Top of Raw data

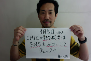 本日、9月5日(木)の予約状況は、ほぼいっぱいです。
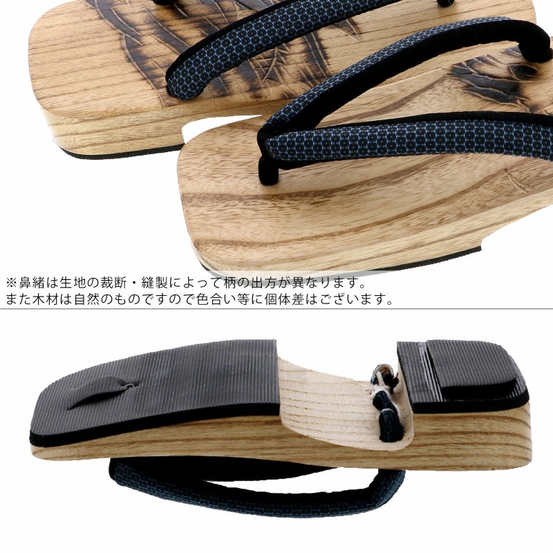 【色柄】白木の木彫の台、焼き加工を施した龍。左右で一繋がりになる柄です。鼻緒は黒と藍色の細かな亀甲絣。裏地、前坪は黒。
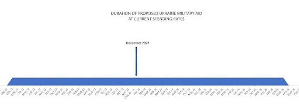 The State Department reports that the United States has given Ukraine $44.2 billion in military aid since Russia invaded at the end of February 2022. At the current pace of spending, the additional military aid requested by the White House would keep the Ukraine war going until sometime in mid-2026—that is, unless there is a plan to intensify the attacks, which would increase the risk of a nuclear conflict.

Bottom of Raw data
Top of Raw data

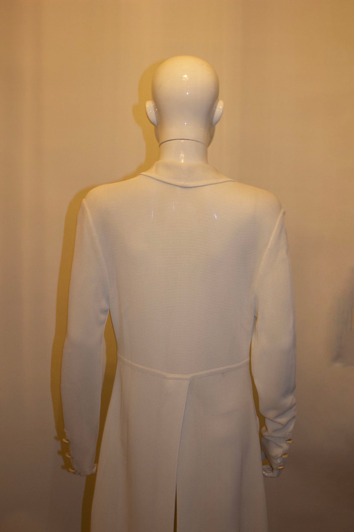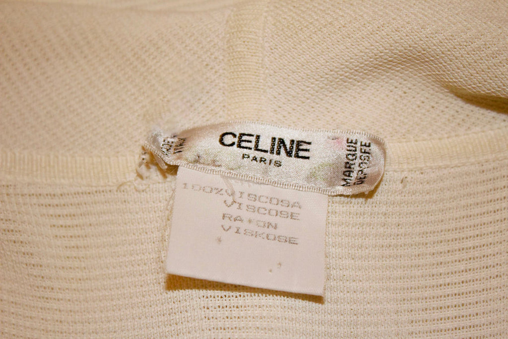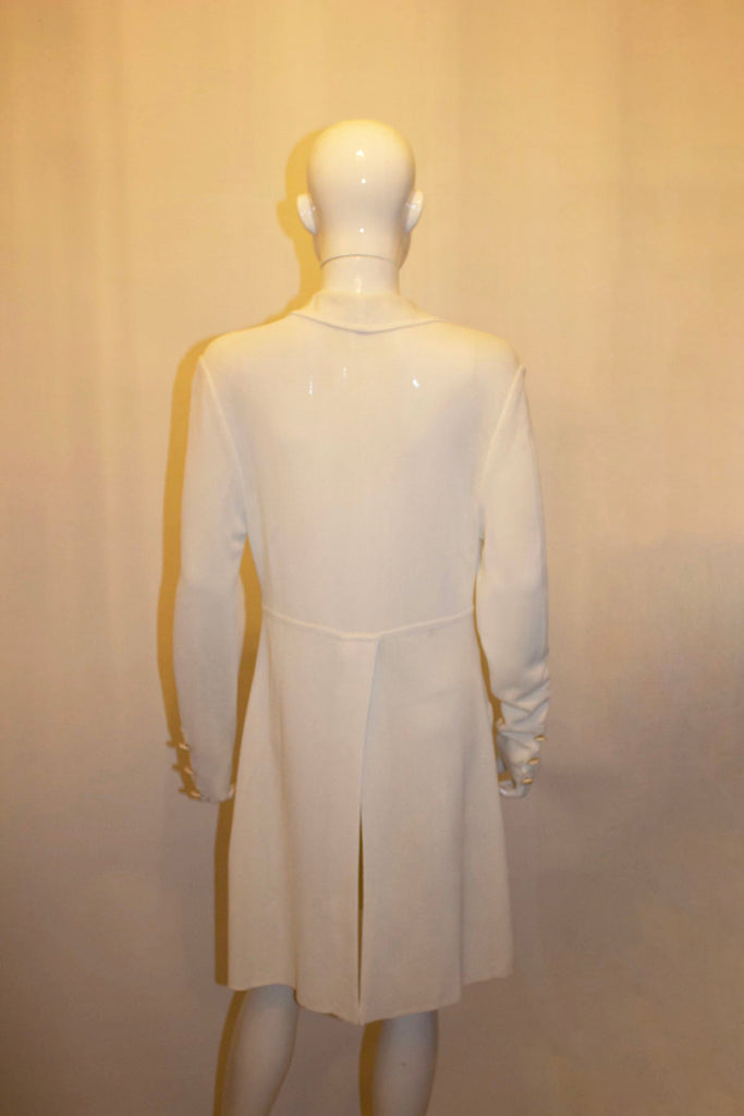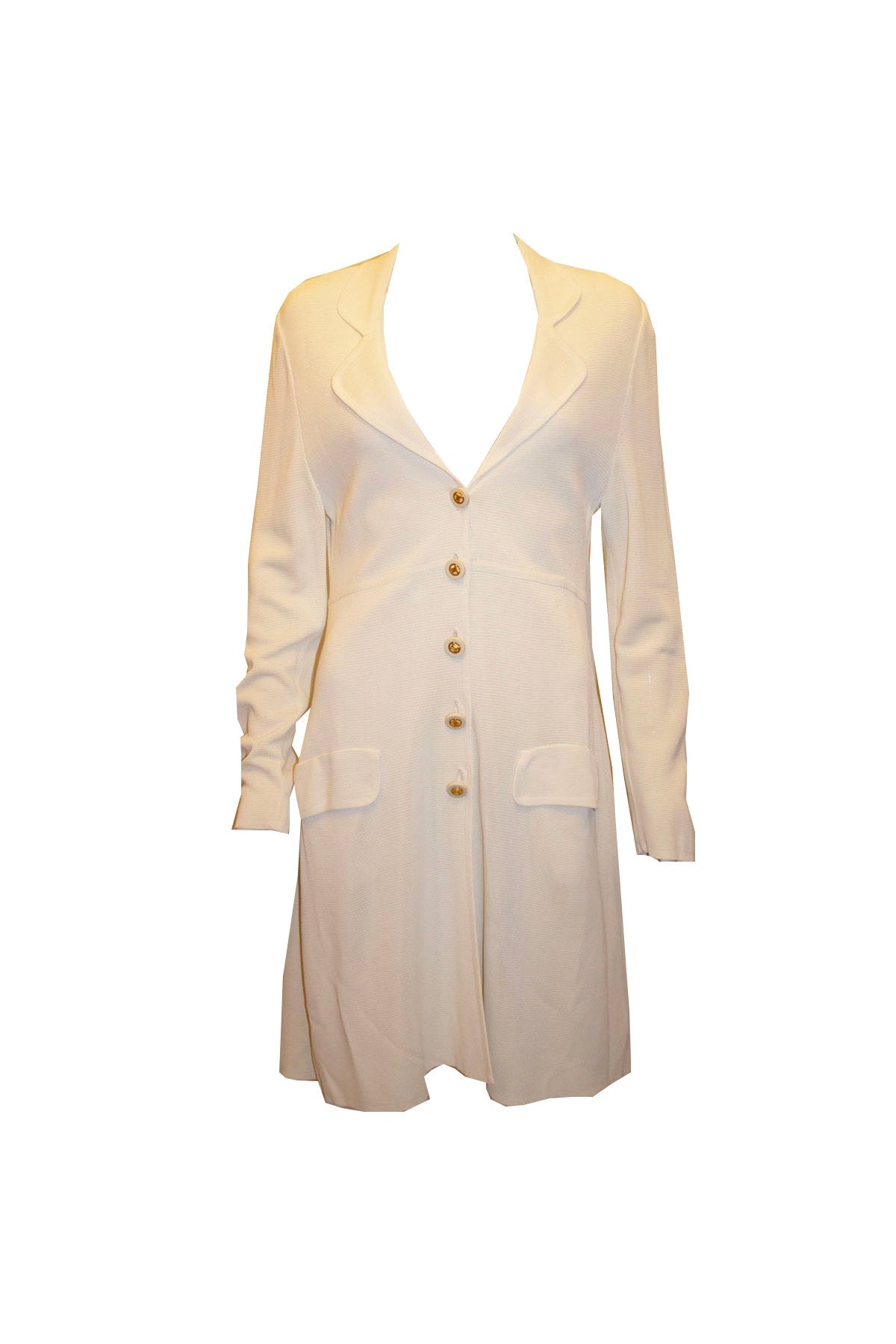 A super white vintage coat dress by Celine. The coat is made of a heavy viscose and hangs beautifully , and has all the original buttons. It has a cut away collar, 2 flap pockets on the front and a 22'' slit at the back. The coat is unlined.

Bottom of Raw data

§ **Problem requirements**: Give back exactly, and solely, the section of the data above bounded by the line containing "本日、9月5日(木)の予約状況は、ほぼいっぱいです。" and the line containing "The State Department", both bounding lines included and pictures omitted.

§ **Exercise output**:
 本日、9月5日(木)の予約状況は、ほぼいっぱいです。
 【色柄】白木の木彫の台、焼き加工を施した龍。左右で一繋がりになる柄です。鼻緒は黒と藍色の細かな亀甲絣。裏地、前坪は黒。
 The State Department reports that the United States has given Ukraine $44.2 billion in military aid since Russia invaded at the end of February 2022. At the current pace of spending, the additional military aid requested by the White House would keep the Ukraine war going until sometime in mid-2026—that is, unless there is a plan to intensify the attacks, which would increase the risk of a nuclear conflict.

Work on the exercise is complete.